Mayor Brandon Johnson’s administration is moving ahead Wednesday on a plan to get the homeless residents of a controversial Gompers Park encampment into housing.

City officials laid out their plan Tuesday for an “accelerated moving event” at the Northwest Side park where people have lived in tents for months. The delayed effort’s “north star” is to get the encampment’s 29 residents into permanent housing, but the city will not be asking people to leave, Chief Homelessness Officer Sendy Soto said.

“We want to ensure that they are receiving the services and that this does not feel like a displacement for them, but rather receiving a benefit and an opportunity,” Soto said.

The planned flood of city resources into the encampment puts Johnson in the middle of a tense debate over the park encampment that has played out in packed community meetings and City Council public comments. Some nearby residents have long called on the city to clear out the encampment, while others insist the people living in Gompers Park must get a say over where they live, even if it means allowing them to stay.

At one October meeting of North Mayfair and North Park residents, city leaders told a frustrated crowd they had reached their capacity on the accelerated moving events that condense the process of getting a person into permanent housing. But after months of waiting and a recent weeklong delay, the plan is moving ahead now.

Encampment residents will be able to “virtually tour” apartment units and select one during the event staffed by an array of city agencies. The move-in’s cost the city about $30,000 per household — potentially near $1 million at Gompers Park, if all residents take the offer Wednesday — with most money going toward rental subsidies, according to Maura McCauley, acting commissioner of the Department of Family and Support Services.

Residents will also be connected with furniture and assigned case managers. The move-in process can take 30 to 90 days, a period in which residents are offered shelter placement, but can also return to their tents, McCauley said. In other accelerated moving events, 94.1% of residents got housing, according to an August 2023 audit by Inspector General Deborah Witzburg.

The event could lead to “no one at the park,” Soto said. Encampment residents will have the choice to stay if they want, and some may turn down the housing offer if the city does not have access to units in neighborhoods they want to stay in, she said.

“Being homeless is not a crime,” she said. “Homelessness is not an issue that can be solved at one park. It has to be solved with the right revenue, with the right amount of housing stock, and we’re working toward that, but we’re just not there yet.”

Threats to federal funding from President Donald Trump’s administration threaten the city’s ability to expand homelessness support work, Soto said. She blamed last month’s brief federal funding freeze for delaying the event a week.

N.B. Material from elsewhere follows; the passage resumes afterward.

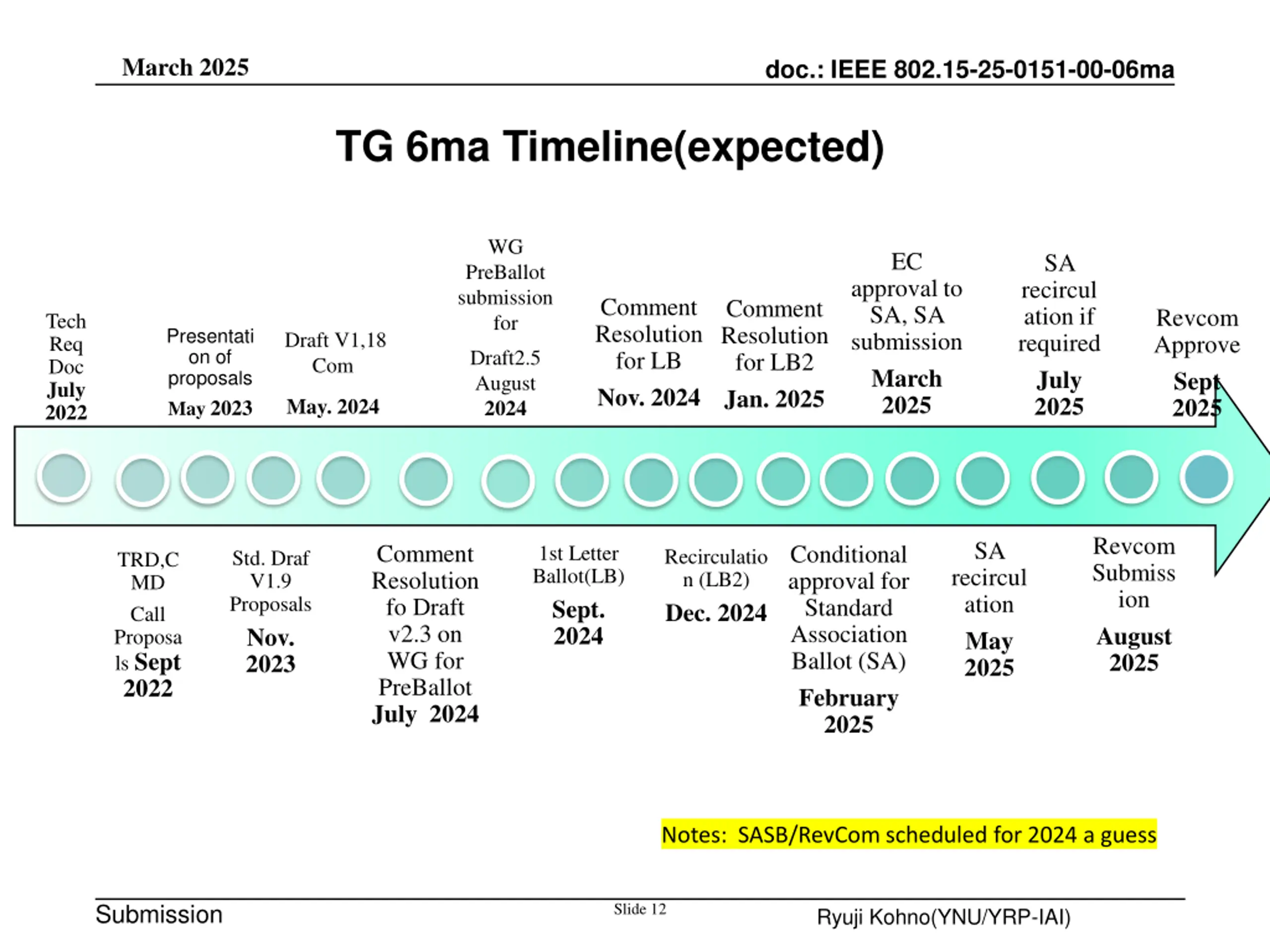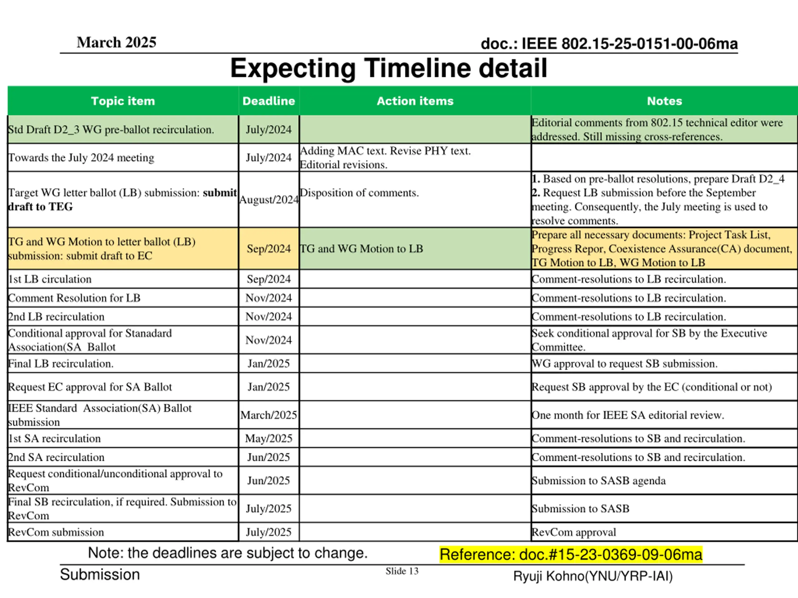 March 2025 doc.: IEEE 802.15-25-0151-00-06ma TG 6ma Timeline(expected) WG PreBallot submission for EC SA approval to SA, SA submission March 2025 recircul ation if required July 2025 Comment Resolution for LB Nov. 2024 Comment Resolution for LB2 Jan. 2025 Revcom Approve Sept 2025 Tech Req Doc July 2022 Presentati on of proposals May 2023 Draft V1,18 Com Draft2.5 August 2024 May. 2024 Revcom Submiss ion August 2025 SA Comment Resolution fo Draft v2.3 on WG for PreBallot July 2024 Conditional approval for Standard Association Ballot (SA) February 2025 1st Letter Ballot(LB) Sept. 2024 Recirculatio n (LB2) Dec. 2024 Std. Draf V1.9 Proposals Nov. 2023 TRD,C MD Call Proposa ls Sept 2022 recircul ation May 2025 Notes: SASB/RevCom scheduled for 2024 a guess Submission Slide 12 Ryuji Kohno(YNU/YRP-IAI)

The aftermath of a fire at a homeless encampment at Gompers on Feb. 5, 2025. (Audrey Richardson/Chicago Tribune)

Addressing homelessness is a key focus for Johnson, who strongly backed an unsuccessful bid last year to raise an estimated $100 million earmarked for homelessness services by raising taxes on real estate transfers over $1 million.

Ald. Sam Nugent, 39th, said the city’s Wednesday effort is “long overdue,” but praised the plan as a “win-win” for encampment residents and park-goers alike. Another campsite in Nugent’s ward along the North Shore Channel was cleared last summer and later fenced off by city authorities.

The encampment in Gompers Park is a safety issue, Nugent said. She cited three dozen Fire Department service calls since last year and several recent fires.

“There’s been a lot of drug use, there’s been a lot of alcohol use, and it’s really not a safe environment right now,” she said.

She said she is optimistic that residents will take up the housing put forward by the city.

“They’ve been asking for permanent stable housing, and that’s what they’re going to be offered.”